Friday, January 29, 2016

The Common Culture Crisis


            Living in the age of mass media and consent message bombardment, the modern Christian faces a battle that has been going on for ages. Understanding who Christ truly is and what He really does for us. This is a crisis of identity.

            We were designed to mirror and emulate the things we are around or do the most. When God formed man from the mud, His intentions were for Adam to walk with God in the cool of the day. Meaning, God designed man to spend time with Him and prune man into His own likeness. Our intended initial design was to be beaming reflections of our time with God.

            Needless to say upon the fall of man, our susceptibility to the “world” obviously increased. Our times began to consist of the affaires of man and the worries that come along with it. Our identity then became rooted in ourselves, our time, our ambitions, and our desires. The culture we created is a culture of self. As the author of Ecclesiastes writes, “There is nothing new under the sun”.  (Ecc. 1:9) Therefor the same culture that glorifies the advancement and fulfilment of the sinful nature we have inherited has been around, well for awhile.

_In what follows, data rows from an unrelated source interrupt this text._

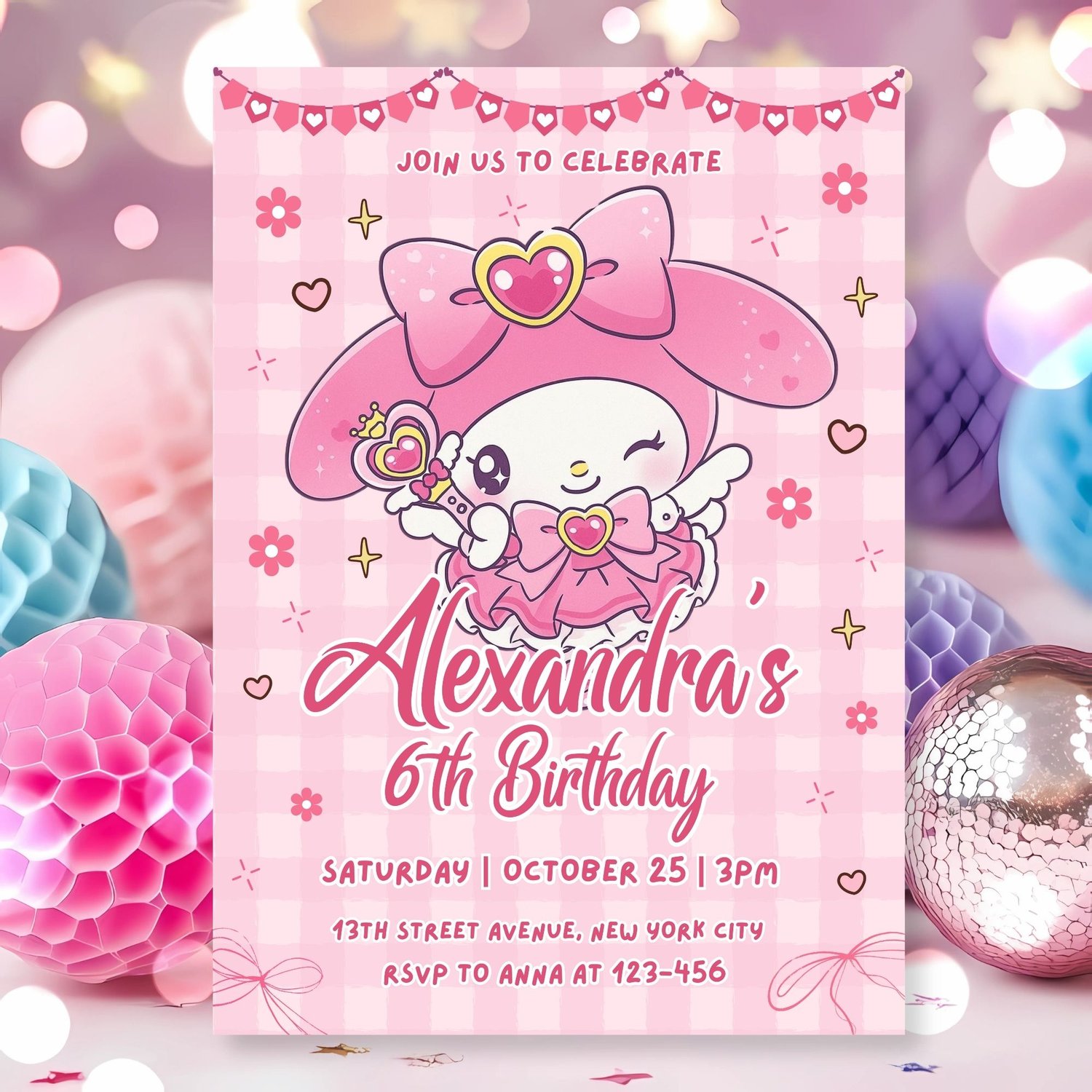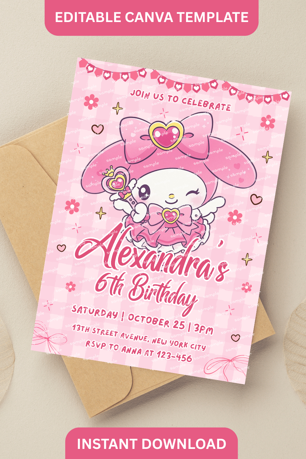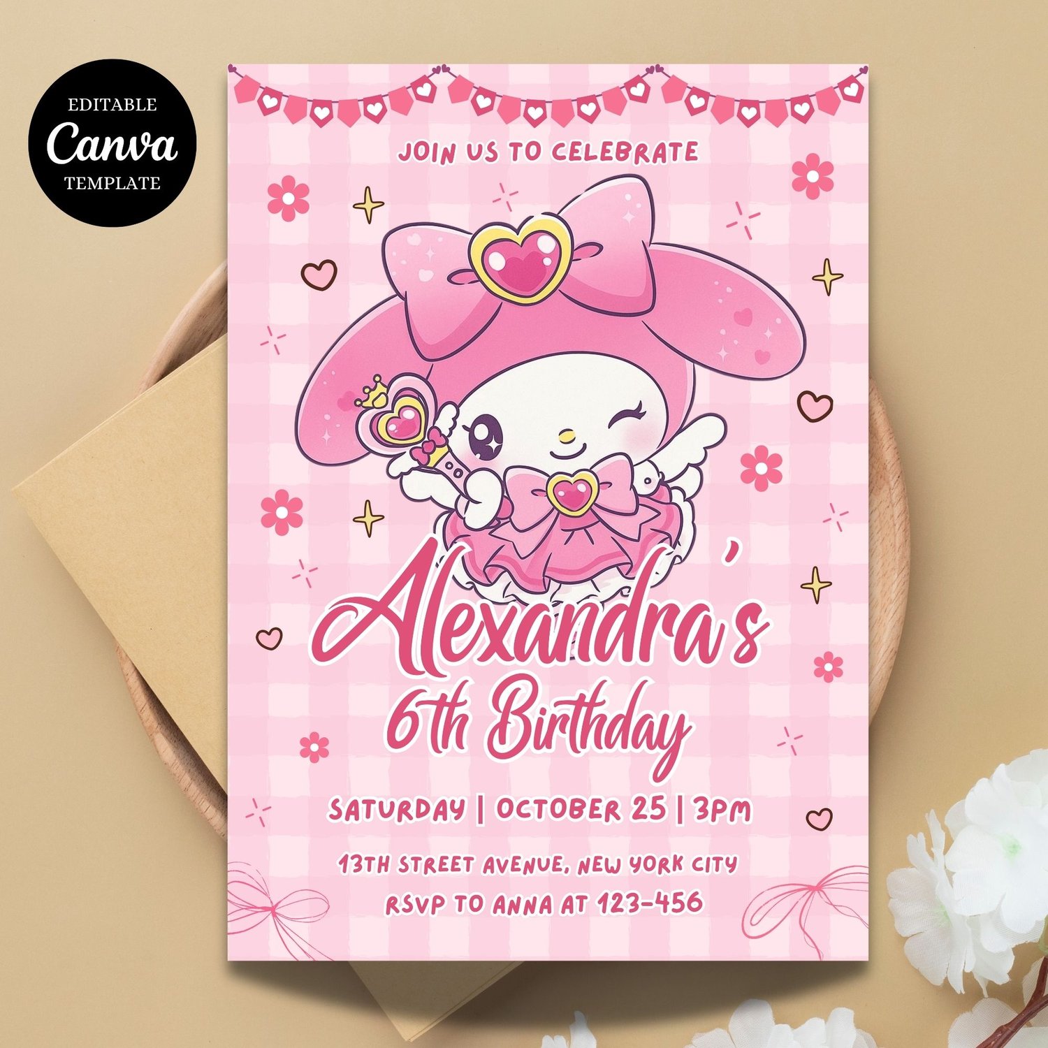 Editable My Melody Birthday Invitation Template | Cute Sanrio Party Invite | Canva Printable & Digital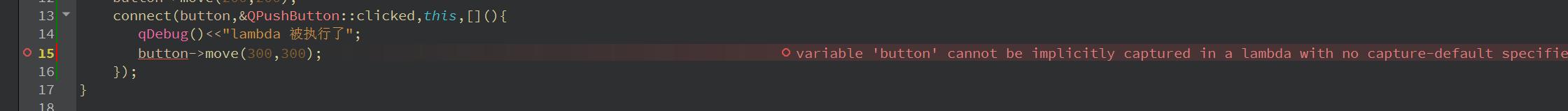 lambda语法是C++11引入的,如果是QT5及更高版本那么默认按照C++11来编译,如果是QT4或者更老的版本就需要在.pro文件中加上C++11 的编译选项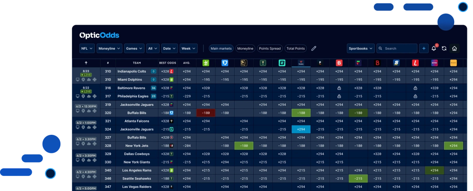 The OpticOdds Odds Screen ensures that you are never off from the market upon opening. OpticOdds offers real-time odds and lines from over 200 sportsbooks, including player props & alternate markets.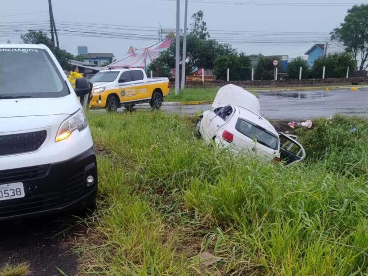Capotamento na RS-030 deixa um morto e dois feridos na entrada de Osório

            Even today, we all face the same issues. Our society feeds off of a “be a better you” mentality. We are indoctrinated with the idea that we have to fit in to the big picture, that we should “embrace” our true selves, who we are matters only by what we have, that we are identified by our body image, and that we will never be/amount to anything. These messages cause us to buy into whatever new trend the world is selling. Just thinking about all the times I have allowed myself to be identified by what the culture tells me is exhausting.

            But how awesome is God, that He would provide a way out of it all. “But God, being rich in mercy, because of the great love with which he loved us, even when we were dead in our trespasses, made us alive together with Christ—by grace you have been saved—and raised us up with him and seated us with him in the heavenly places in Christ Jesus,” (Ephesians 2:4-6 ESV). Christ’s blood covering for sin took the identities the world was giving us and hung them on a cross.
           

            Christ took His identity and imparted it to us along with His righteousness. The Bible goes on and on about our new identity in Christ and every one of them is true. We become loved by God, delivered from sin, conquerors of death, chosen for salvation, heirs to the kingdom, found blameless and so many other things! We can find sermons for days about our identity in Christ. Though the war has been won, the everyday battle for believers rage on. As believers, we must remember daily that because of Christ, we are more than conquerors.